Tony Dent, from Better Statistics CIC, emphasised the importance of understanding the value for money of statistical sources. He gave the example of the ONS Covid-19 infection survey which he said should have been subject to a comparison with administrative data, particularly hospital admissions. Tony highlighted the absence of good practice guides on the minimum reporting details on response rates for population surveys and on how potential bias resulting from uneven response should be investigated and resolved through the weighting used to estimate the population data. Better Statistics would like to see response rates calculated within each geographical area used in the sample design and to cover, as a minimum, sex, age, ethnicity, household size and some measure of deprivation, with mandatory reporting. The group also believe there is a need to strengthen the Code to reduce inadequately prepared and unclear statistics, to have greater oversight of modelled estimates, improve staff training in report writing – looking to reduce unnecessary complexity and improve understanding, and to review the regulatory regime given a lack of penalty for breaching the Code.
Alison Macfarlane, RSS Official Statistics Section and member of NSAG, highlighted challenges in the health statistics area. Given that health is a devolved matter there are complexities for users in using the statistics from the four nations, with perpetual reorganisations. There are also many NHS organisations and private health providers, including general practices. Alison noted that efforts had been made to bring together data, but they have led to widespread opposition.

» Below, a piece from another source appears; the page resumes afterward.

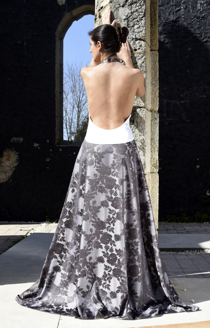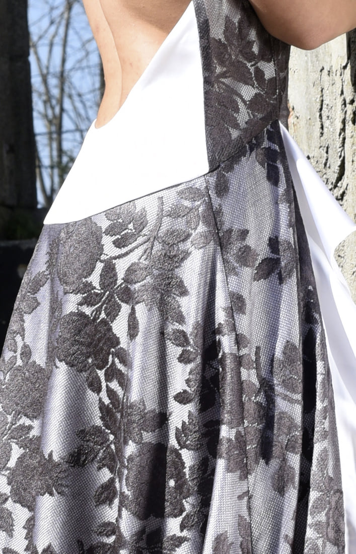 Vestido largo con apertura en ambas partes de las piernas, en tejido de encaje de flores, en color gris plomo, sobre tejido de satén liso en color blanco, y en volantes de la falda.
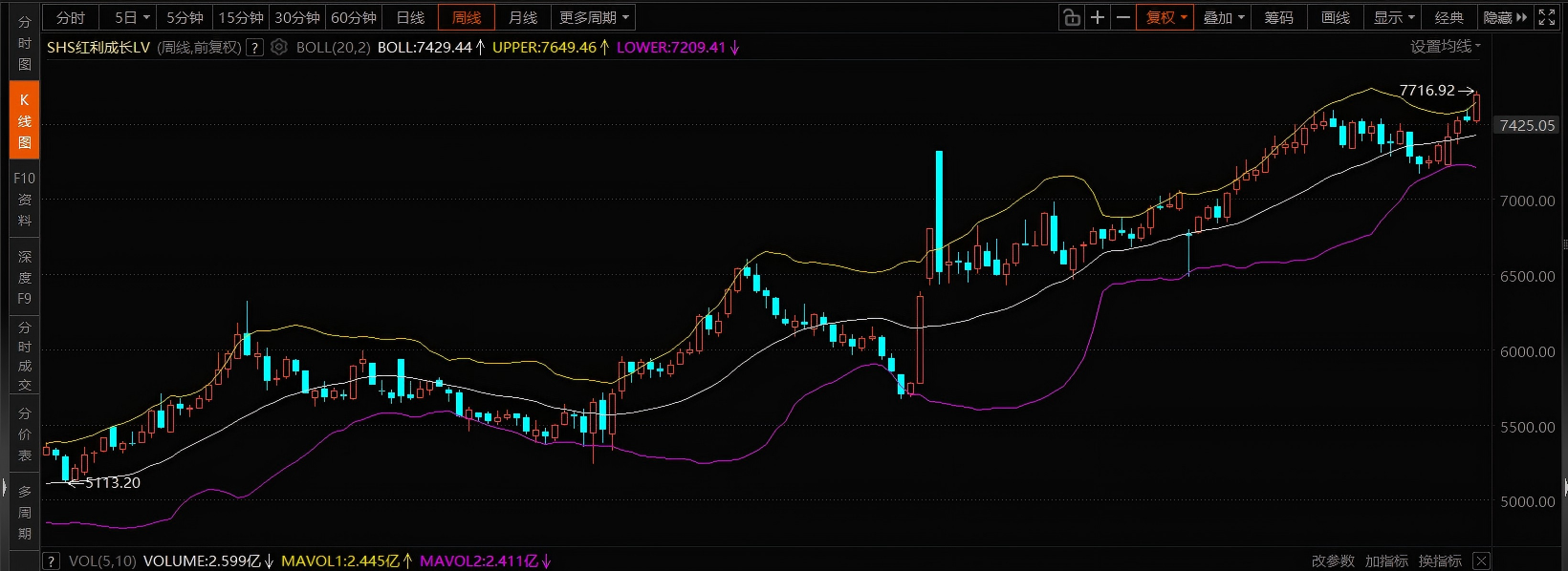 本周SHS红利成长LV指数周K涨跌幅+2.35%,投资产品$景顺长城沪港深红利成长低波指数E$ 周涨跌幅+2.18%。

It was partly due to a lack of explanation and clarity over what data is gathered and shared and has led to mistrust. The result is less complete and less timely data for research.

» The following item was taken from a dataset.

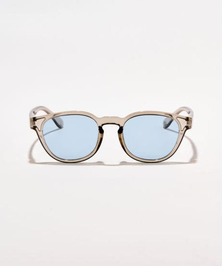 どんな装いにも洗練されたムードを添える、ウエリントン型デザイン。軽やかなクリアグレーのフレームと爽やかなブルーレンズが、顔周りに明るい印象を与えます。
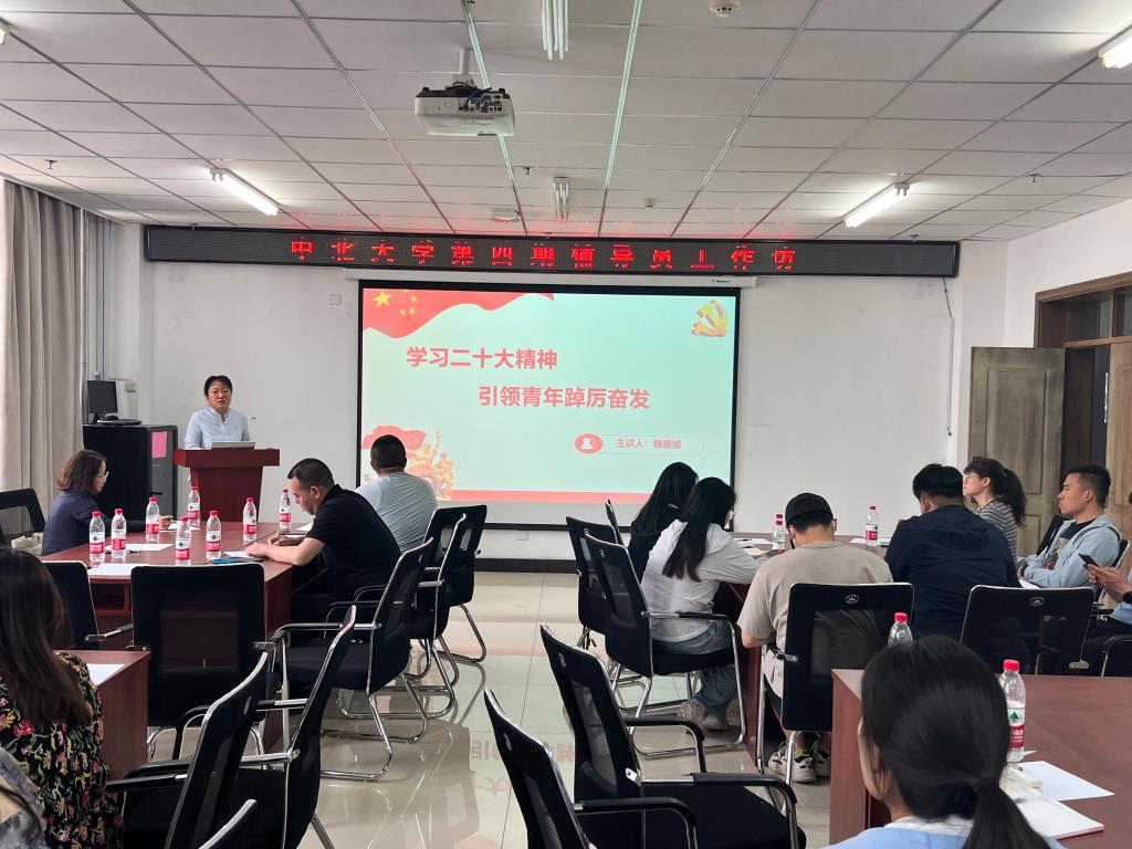 理论学习环节,信息与通信工程学院党委副书记魏媛媛以“学习二十大精神、引领青年踔厉奋发”为主题进行了理论领学。她讲到,党的二十大精神对引领青年成长成才具有重要意义,要以促进学生“听、信、行”,激发学生踔厉奋发的精神动力作为开展思想政治教育工作的价值旨归。她强调,辅导员要在学有所“思”、学有所“悟”、学有所“得”和学有所“行”五方面下功夫,筑牢思想信仰、永葆担当精神、练就过硬本领,在新时代的赛道上跑出辅导员的“加速度”。魏媛媛着重从提升学生认知力,筑牢党性思想根基;培育学生积极情绪,指引青年勇于担当;淬炼学生意志,激励青年敢于吃苦;激发学生内在动力,引导青年主动作为四方面介绍了自己的工作经验和学院的具体做法 。

Ed Humpherson concluded the event by summarising some of the key messages raised that had particularly struck him:
- How to have an enforcement mechanism that is more overt
- The need to bring out public statistics isn’t clearly set out at present but is closer to how we speak
- The importance of transparency – ensuring the underlying numbers are released – it is an area OSR has had some success (Intelligent Transparency) with government departments is something we can build into the Code
- Similarly with serving the public good
- The importance of having quality metrics and explanations of bias, and
- What do you do when there is a data gap
Ed then described OSR’s next steps – the call for evidence closes on 11 December 2023. OSR will review all the evidence gathered and publish a summary of what it has heard. It will then make a recommendation to the Authority Board on the way forward, aiming to announce what that is around March 2024.